Here is a preview of the dataset:

Step 1: Setup TensorFlow with Metal (optional)

We begin by setting up TensorFlow to leverage the GPU, if available, for improved performance. This setup includes configuring TensorFlow to dynamically manage GPU memory, allowing it to grow as needed. Using the GPU instead of the CPU significantly speeds up model training, especially for large datasets.

import os
import tensorflow as tf

# Set up GPU if available
os.environ['TF_FORCE_GPU_ALLOW_GROWTH'] = 'true'

gpus = tf.config.list_physical_devices('GPU')
if gpus:
    try:
        for gpu in gpus:
            tf.config.experimental.set_memory_growth(gpu, True)
        print("Using GPU:", tf.config.list_physical_devices())
    except RuntimeError as e:
        print(e)
else:
    print("No GPU found. Using CPU instead.")

Step 2: Load the Data

Next, we load our tweet dataset. For the purpose of making this easier to work with, we're only loading in the data that we need from the dataset. In this case, the text and sentiment columns. I’m using Pandas to load the data and manipulate it.

import pandas as pd

data = pd.read_csv('data/tweets.csv')
target_and_text = data[['target', 'text']]

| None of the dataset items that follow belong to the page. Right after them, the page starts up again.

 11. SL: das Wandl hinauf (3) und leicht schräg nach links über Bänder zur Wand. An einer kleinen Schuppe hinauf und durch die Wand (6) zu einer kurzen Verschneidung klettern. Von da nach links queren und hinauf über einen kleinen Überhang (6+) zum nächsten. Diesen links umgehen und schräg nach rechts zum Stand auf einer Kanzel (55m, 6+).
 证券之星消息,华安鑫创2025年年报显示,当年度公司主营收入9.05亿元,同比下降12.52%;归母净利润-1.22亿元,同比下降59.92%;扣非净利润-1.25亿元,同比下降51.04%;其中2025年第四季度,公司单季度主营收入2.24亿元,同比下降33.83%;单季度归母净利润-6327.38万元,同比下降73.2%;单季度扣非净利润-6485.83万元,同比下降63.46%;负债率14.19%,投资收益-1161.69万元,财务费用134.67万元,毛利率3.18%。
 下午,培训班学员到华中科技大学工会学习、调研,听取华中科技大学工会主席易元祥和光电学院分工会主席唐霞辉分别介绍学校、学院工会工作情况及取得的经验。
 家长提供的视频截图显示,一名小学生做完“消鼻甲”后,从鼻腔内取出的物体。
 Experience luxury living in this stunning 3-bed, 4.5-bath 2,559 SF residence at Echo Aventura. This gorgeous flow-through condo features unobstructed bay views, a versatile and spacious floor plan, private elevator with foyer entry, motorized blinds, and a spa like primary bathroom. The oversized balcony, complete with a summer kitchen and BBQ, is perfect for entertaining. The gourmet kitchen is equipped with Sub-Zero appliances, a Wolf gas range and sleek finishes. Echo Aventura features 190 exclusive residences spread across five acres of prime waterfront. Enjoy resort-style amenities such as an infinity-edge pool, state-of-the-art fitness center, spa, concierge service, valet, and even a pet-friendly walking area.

print(target_and_text.head())

Here is an example of what the structure of the data will look like:

“target” is the sentiment of the tweet. If the value is “0” the sentiment is negative, and if the value is “4” the sentiment is positive. This dataset also claims to have neutral tweets represented by “2”, however, I can’t find any rows in this dataset with a target of “2”. Hmm, weird.

Step 3: Organise the Data

Organising the data before processing it can make the process of building a model so much easier. I started by randomising the order of the rows in the dataset. I've done this to prevent the model from detecting patterns in the order of the data and/or any ordering of the data having an influence on the training of the model. In the case of this dataset, the first 800,000 rows contain negative tweets, and the final 800,000 rows contain positive tweets, so randomising these tweets is essential.

# Randomize the data
target_and_text = target_and_text.sample(frac=1)

# Split data into training and test sets
test_size = len(target_and_text) // 10
test_data = target_and_text[:test_size]
train_data = target_and_text[test_size:]

print("Number of tweets in test data:", len(test_data))
print("Number of tweets in train data:", len(train_data))

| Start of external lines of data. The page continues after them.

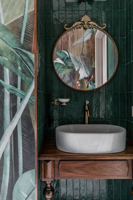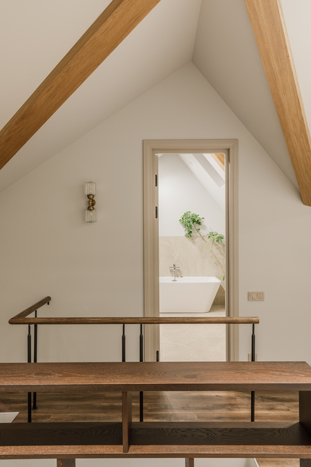 On the second floor there are two children’s bedrooms, a bathroom with a shower and a bath, a dressing room and a room for rest and sports. The palette of the first floor is as colorful as possible: the mixture of shades of juicy greenery and Portuguese ornaments. And in contrary, the attic floor is visually made light and bright, combining with wood, beams and furniture.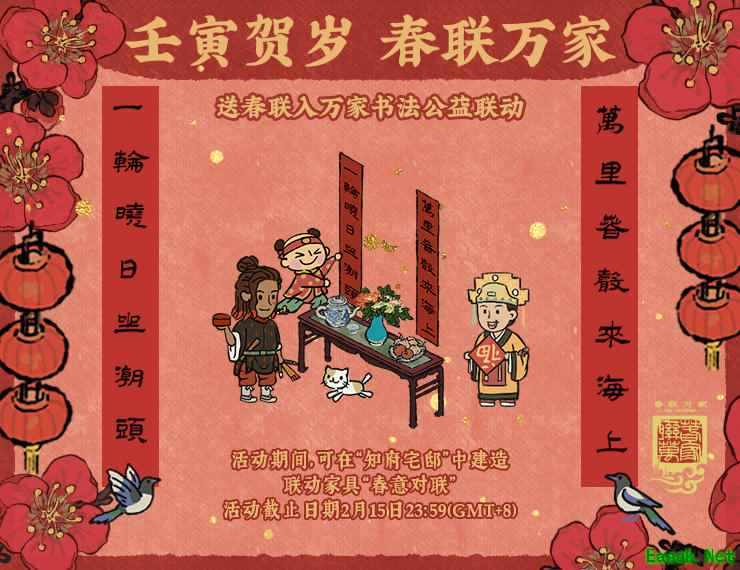 1月24日起,古镇模拟经营手游《江南百景图》 宣布即将携手@上海春联万家活动官方微博 —— 上海市书法家协会、上海楹联学会、上海渊雷文化艺术基金会 联合开展【送春联入万家】书法公益联动! 春联,是中国特有的文学形式与传统习俗。每逢新春佳节,家家户户门前都会挂起春联,人们将对美好生活的期许寄托在一幅幅对仗工整的词句之间,以盼来年风调雨顺、迎祥纳福。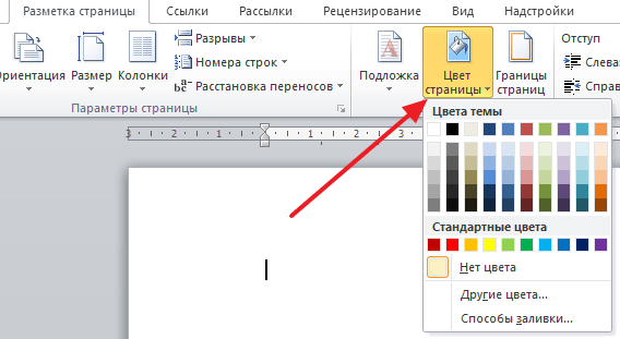 В Word 2007 и более современных версиях Word, смена цвета фона страницы делается немного по-другому. Здесь для того чтобы сделать фон страницы не белым, а, например, красным, нужно перейти на вкладку «Разметка страницы» и нажать на кнопку «Цвет страницы». После нажатия на данную кнопку откроется небольшое меню со списком стандартных цветов для фона страницы.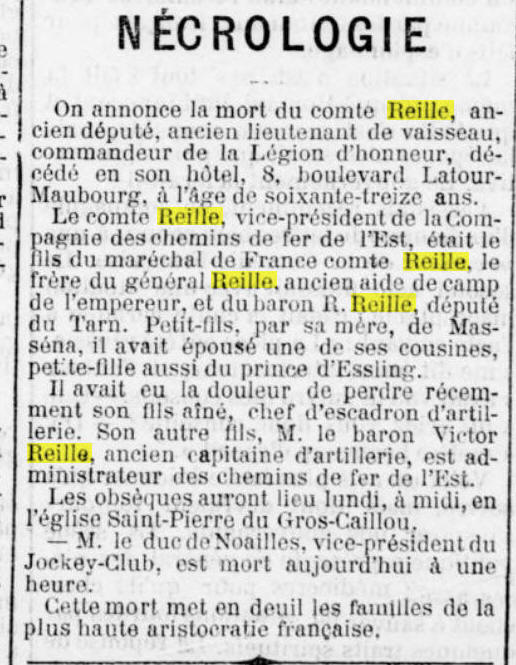 Fils du maréchal Reille et petit-fils du maréchal Masséna, il entra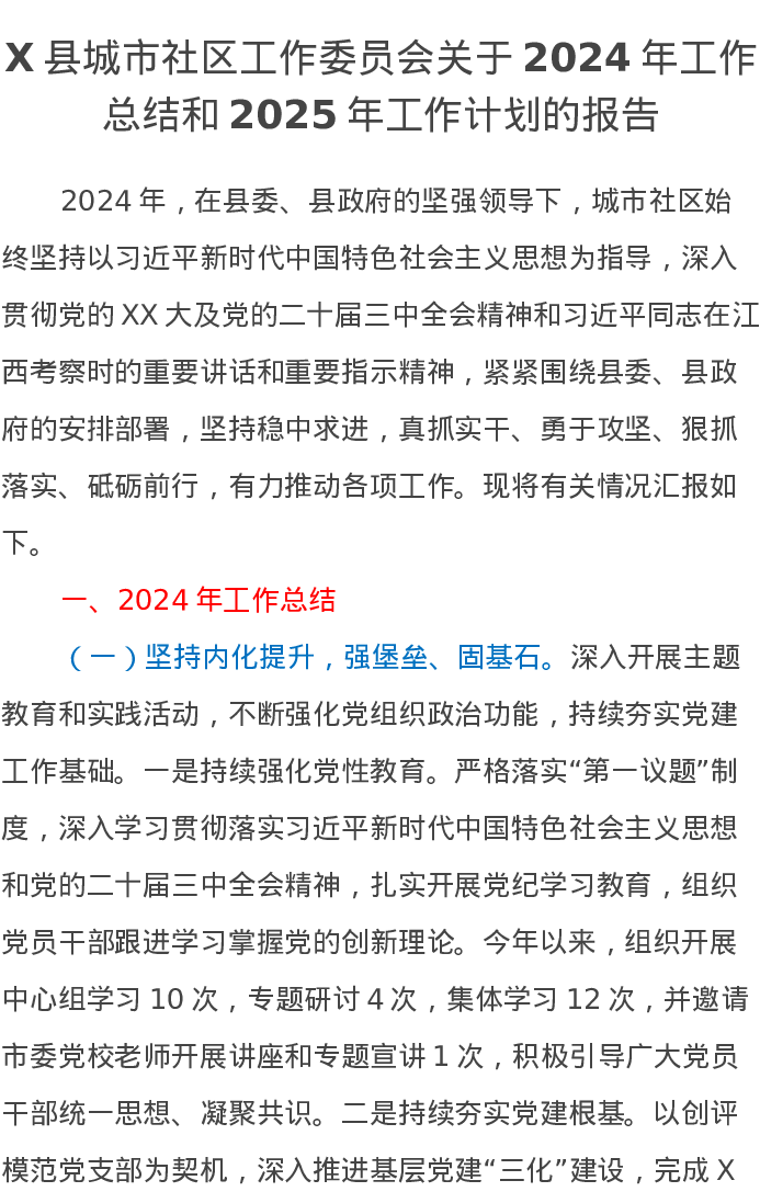 X县城市社区工作委员会关于2024年工作总结和2025年工作计划的报告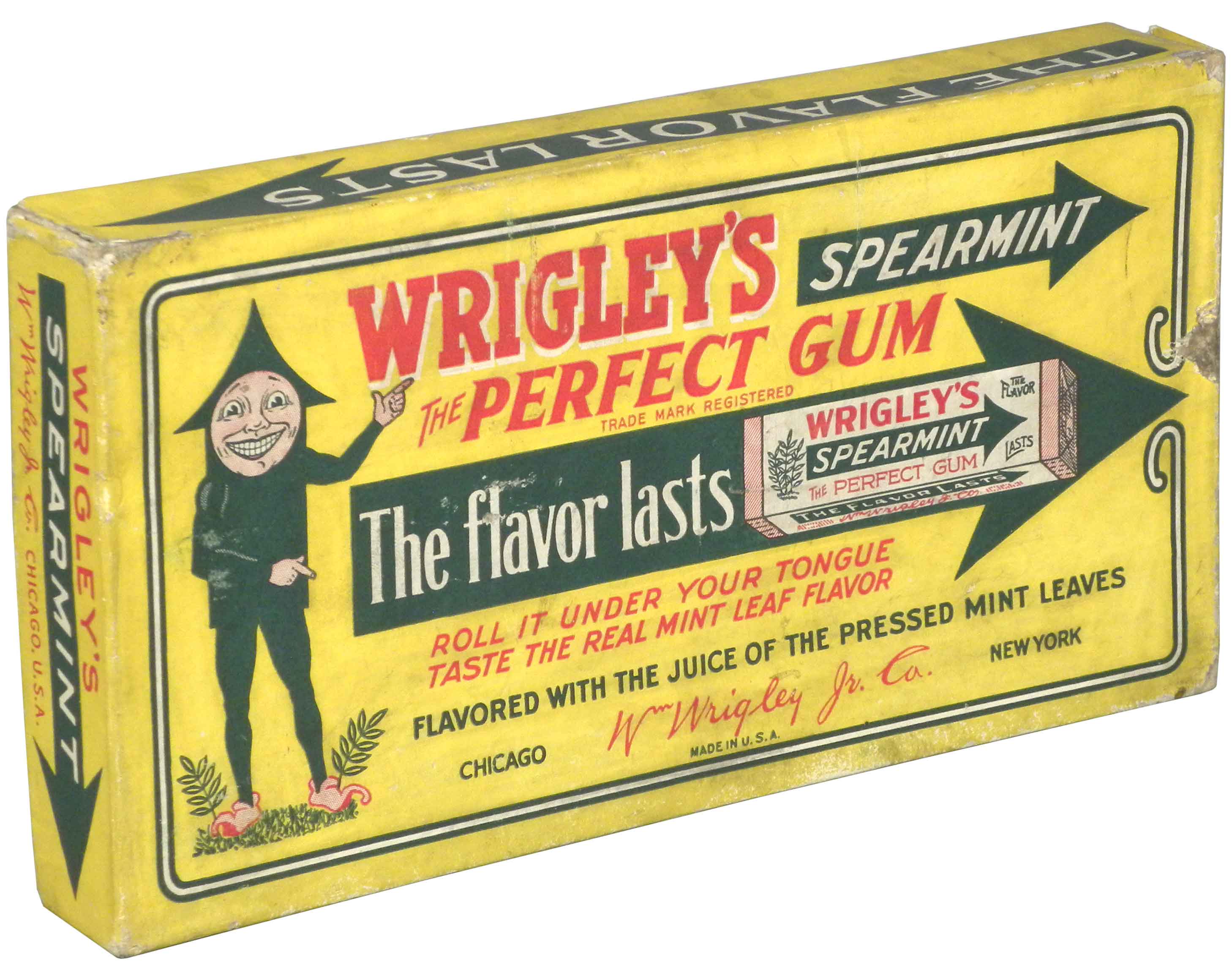 Wrigley's Spearmint Pepsin Gum Display Box. Some discoloration and paper loss at 3:00 otherwise very good condition. 8 1/2 X 4 1/2 X 1 1/4 inches.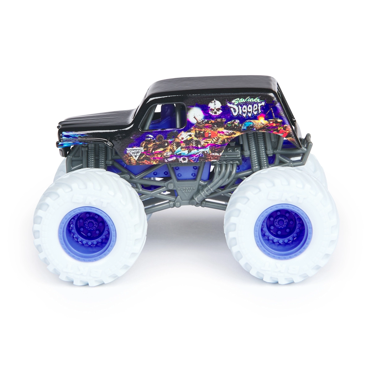 Objevte oficiální Monster Jam v měřítku 1:64 – detailní kovový model s autentickým podvozkem a pneumatikami BKT. Skvělý do sbírky i na hraní, v assortu najdete populární trucky jako El Toro Loco, Grave Digger, Megalodon, Blue Thunder či Alien Invasion. Odolné zpracování, výrazná grafika a volně se otáčející kola zaručí hodiny akční zábavy.
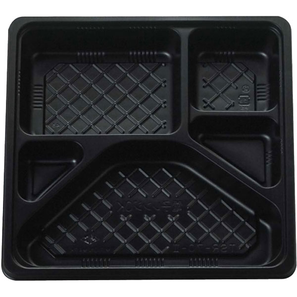 業務用食材 TOP ≫ 消耗品 ≫ 弁当・テイクアウト容器 ≫ 仕切り付き弁当容器 ≫ TSR-70-2 夢彩ごぜん 本体 黒 50枚 Y019346

The output of each of the print statements are:

Number of tweets in test data: 160000

Number of tweets in train data: 1440000

Step 4: Preprocess the Data

To clean the tweets, we remove URLs, mentions, hashtags, and punctuation. This preprocessing step is crucial because it eliminates noise in the data, allowing the model to focus on the actual content of the tweets. By removing irrelevant information, we help the model learn meaningful patterns, leading to better predictions.

import re
import string

def clean_tweet(tweet):
    tweet = tweet.lower()
    tweet = re.sub(r"http\S+|www\S+|https\S+", "", tweet, flags=re.MULTILINE)
    tweet = re.sub(r"\@\w+|\#", '', tweet)
    tweet = tweet.translate(str.maketrans("", "", string.punctuation))
    return tweet

train_data['text'] = train_data['text'].apply(clean_tweet)
test_data['text'] = test_data['text'].apply(clean_tweet)

Step 5: Tokenize the Data

We use Keras Tokenizer to convert the text into sequences of integers that the model can process. TensorFlow works with tensors, which are multi-dimensional arrays that allow us to represent our data in a format suitable for neural network computations. By converting text into sequences of integers, we are transforming our data into a format that TensorFlow understands.

You may also notice the "max_features" variable which we are passing to the Tokenizer. This is the number of unique words we want to keep in the vocabulary, chosen based on the most frequent words in the dataset. This helps reduce the size of our vocabulary to include only the most relevant words, making training more efficient.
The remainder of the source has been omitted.